Joe and the rest of Intermountain's high time crewfurs did what they could to advertise Intermountain's services and capabilities. Oddly enough, it wasn't the shiny speedbirds in the stable that attracted the most attention. While the company had a couple of Gulfstreams, a Lear, and a couple of Citations to boast of, it was the haggard looking old war horse Hercules that attracted the most attention from prospective new customers, and those new customers were almost always some government agency or other. They liked the idea of a non - eye - catching load lifter owned, operated, and piloted by furs who didn't ask questions as long as the cash came in liberal amounts.

"Well," Joe said nervously into the sudden silence at the other end of his phone circuit, "the pilot was cool. He flew our wingtip right down to the threshold and then bugged out like it was all in a day's work. Never even saw his face."

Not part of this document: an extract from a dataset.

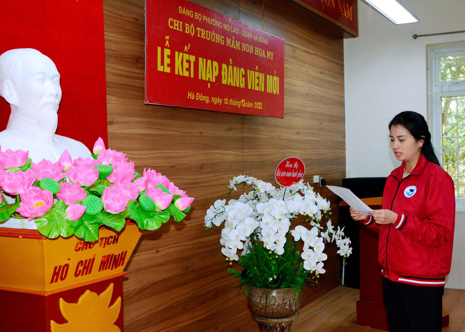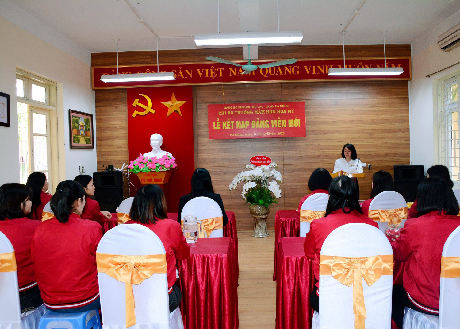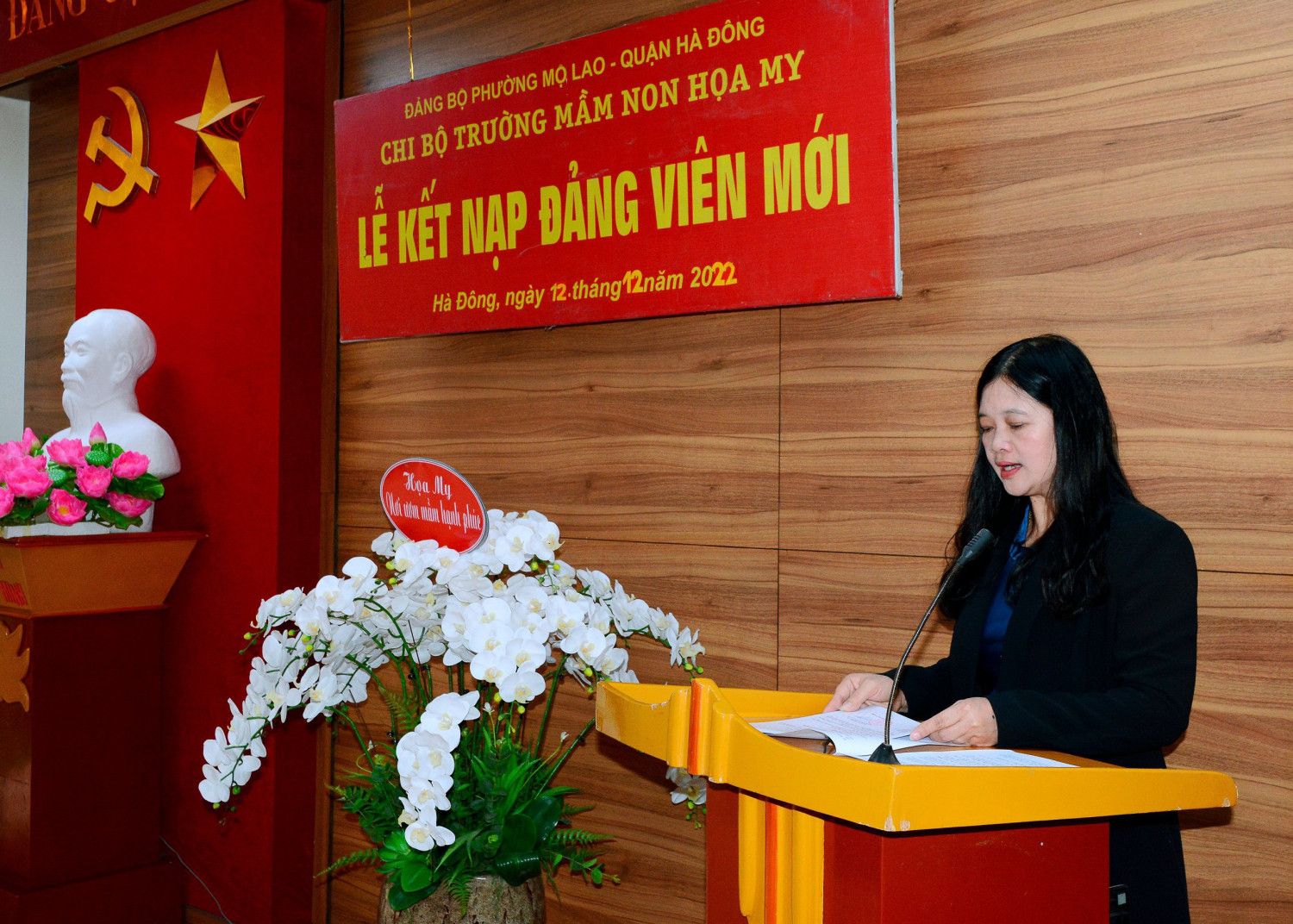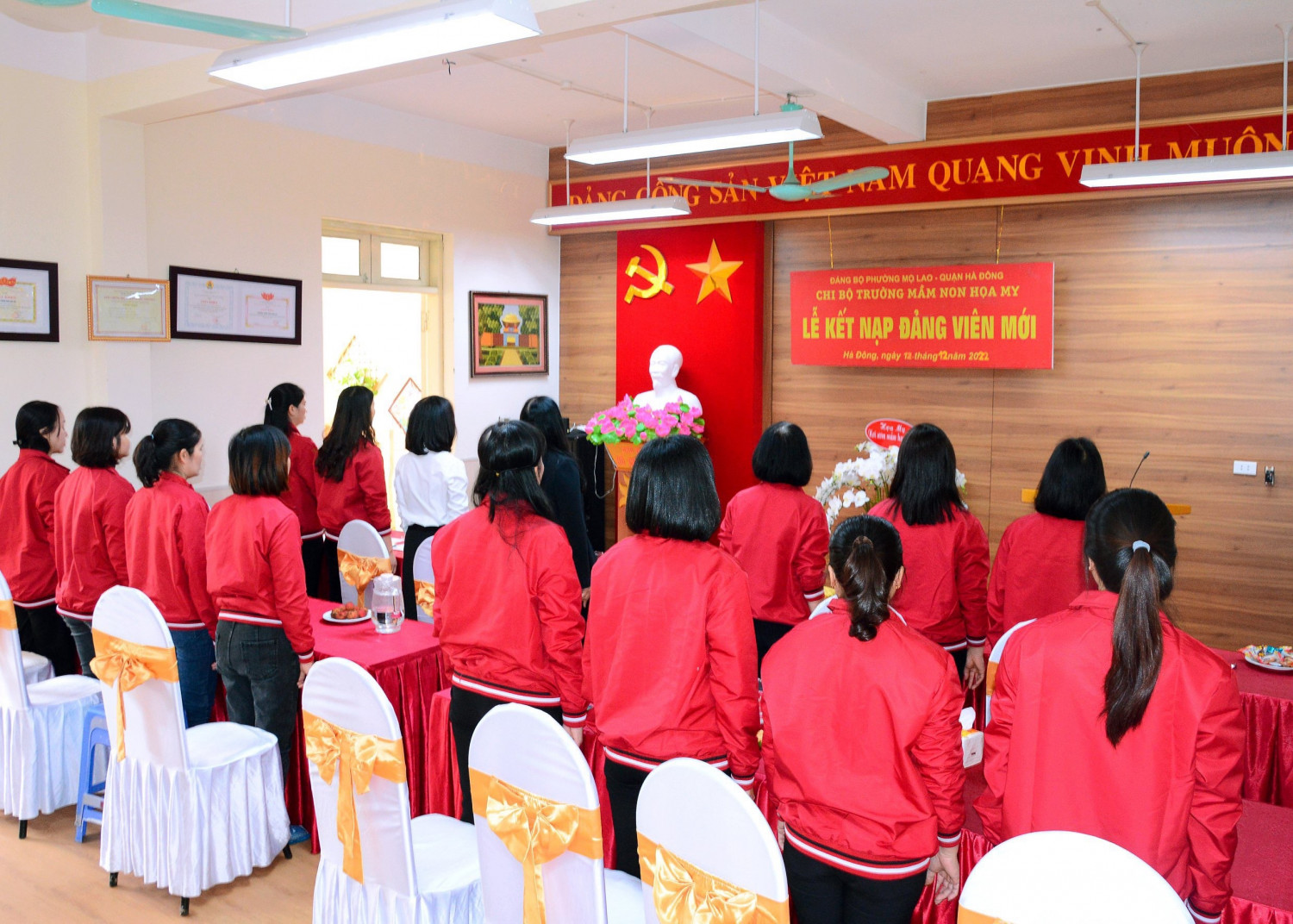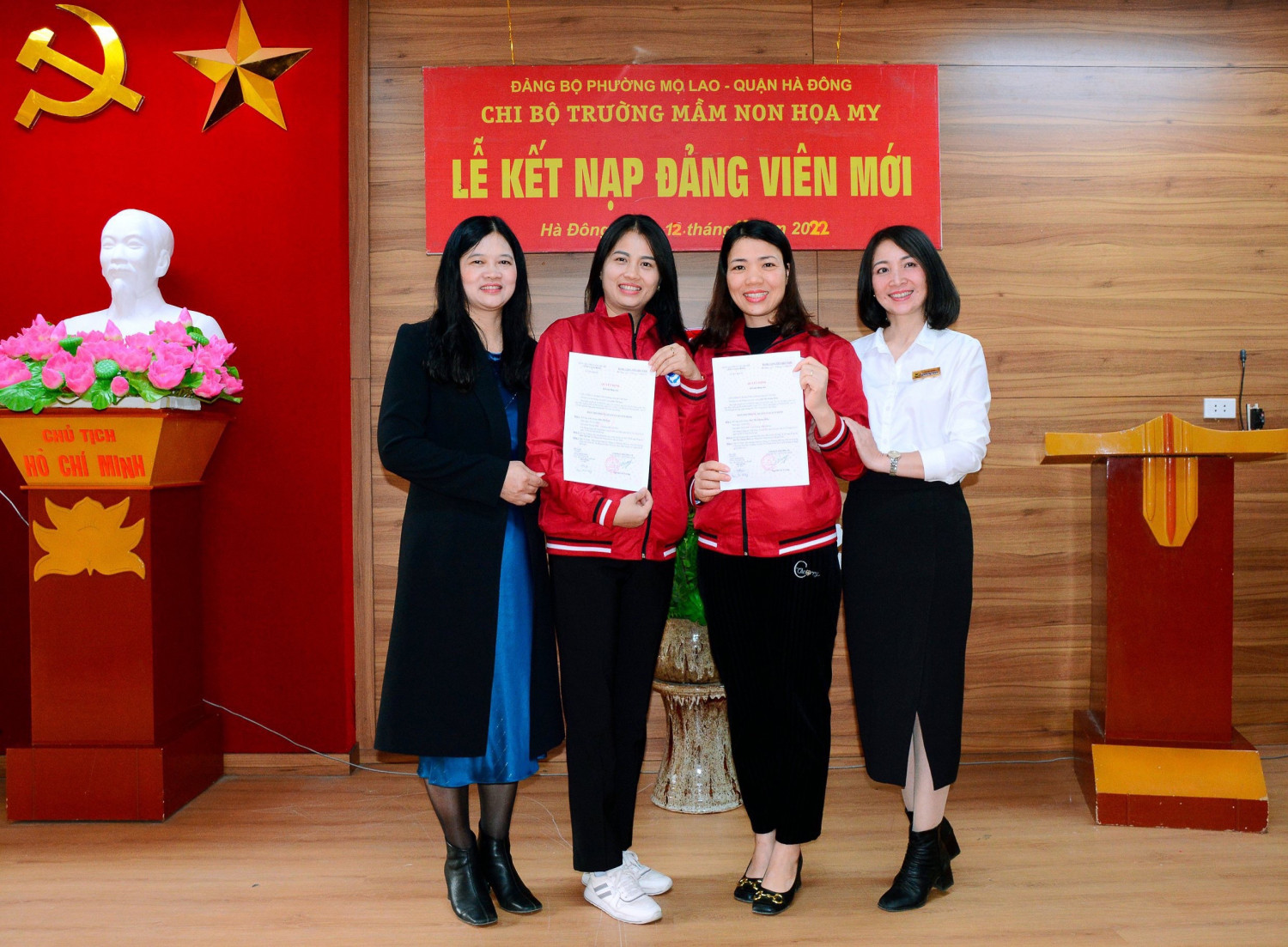 Thực hiện sự chỉ đạo của Đảng ủy phường Mộ Lao, nghị quyết Đại hội chi bộ trường MN Họa My nhiệm kỳ 2022-2025 về việc phát triển Đảng viên. Trải qua quá trình tu dưỡng, rèn luyện, phấn đấu và trưởng thành. Được sự dìu dắt, giúp đỡ của tập thể trường MN Họa My và các đồng chí đảng viên trong chi bộ, quần chúng Bùi Thị Chung Hiếu và quần chúngĐào Thị Lan đã tự nguyện xin gia nhập Đảng cộng sản Việt Nam. Được sự nhất trí của Ban chấp hành Đảng ủy Phường Mộ Lao, Ngày 12/12/2022 Chi bộ trường MN Họa My đã tổ chức kết nạp quần chúng Bùi Thị Chung Hiếu và quần chúngĐào Thị Lanvào Đảng Cộng Sản Việt Nam. Trong không khí trang nghiêm khi nhận quyết định từ đồng chí Bí thư Chi bộ, dưới cờ Tổ quốc, cờ Đảng và chân dung Chủ tịch Hồ Chí Minh cùng sự chứng kiến của Chi bộ, đồng chíBùi Thị Chung Hiếu và đồng chí Đào Thị Lan đã tuyên thệ lời thề của người đảng viên Đảng Cộng sản Việt Nam, hứa sẽ tiếp tục phấn đấu để luôn xứng đáng là người đảng viên gương mẫu, hoàn thành tốt mọi nhiệm vụ dược giao, góp phần xây dựng Chi bộ ngày càng vững mạnh. Sau thời gian làm việc khẩn trương, nghiêm túc, buổi lễ kết nạp Đảng viên mới đã diễn ra trang nghiêm, đúng điều lệ ĐCSVN và đã thành công tốt đẹp.

"You'll know Alex when you see him. He's a big one, taller than you. They call him 'Ice'. Ice blue eyes. Rare on a tiger, you know? A white tiger at that. He's ex Air Force, another fighter jock. Retired just recently a bird colonel, I think. He's the marketing arm for Kentiger." Matt paused again. He was calming down some. He realized Joe could have had no way of knowing who was flying his wing and helping his crew out.

"Matt, we used the company call coming down here. He knew who we worked for. He chose to help us anyway." Joe could sort of understand Matt's concern over the competition, but Matt was former Air Force himself! He'd been flying transports since Joe was in grade school! He should still remember that what happens up there, above the earth, transcends the common, mundane activities of ground pounders. Business notwithstanding, this was simply a case of one pilot helping another. Nothing more, nothing less.

Matt sighed and stopped rubbing his neck. "I know Joe. I'm sorry. It just bugs me that Billy The Kid's number one marketing mug had a ringside seat to our little show this morning." Unseen by Joe, Matt grinned slightly as he willed himself to relax.

"What's up with you and this Billy The Kid?" Joe asked. "Who or what is Billy The Kid?"

Matt reflected on old times for a moment. He sighed briefly, quietly. "That'll wait for another time, Joe. You guys have some cargo to deliver. Get on it. We'll have a beer and I'll fill you in when you get back to Columbus. When are you arriving at Tinker?"

Joe glanced at his watch. "1615, roughly. Depends on how fast we can get out of Dodge, here. Knoxville is getting busy with those thunderstorms coming up out of the south. Lots of IFR traffic inbound."

"Give it your best shot, Joe. Keep those youngsters hopping. We can't afford to f... ah, screw up this contract. Too many follow-ons at risk. Call me at 1300 hours with your status, OK?"

"OK boss," Joe said. "Call at 1300, here we go."

Joe terminated his call and hurried towards the flight deck. The big props were already turning, and he still had his navigation gear to set up.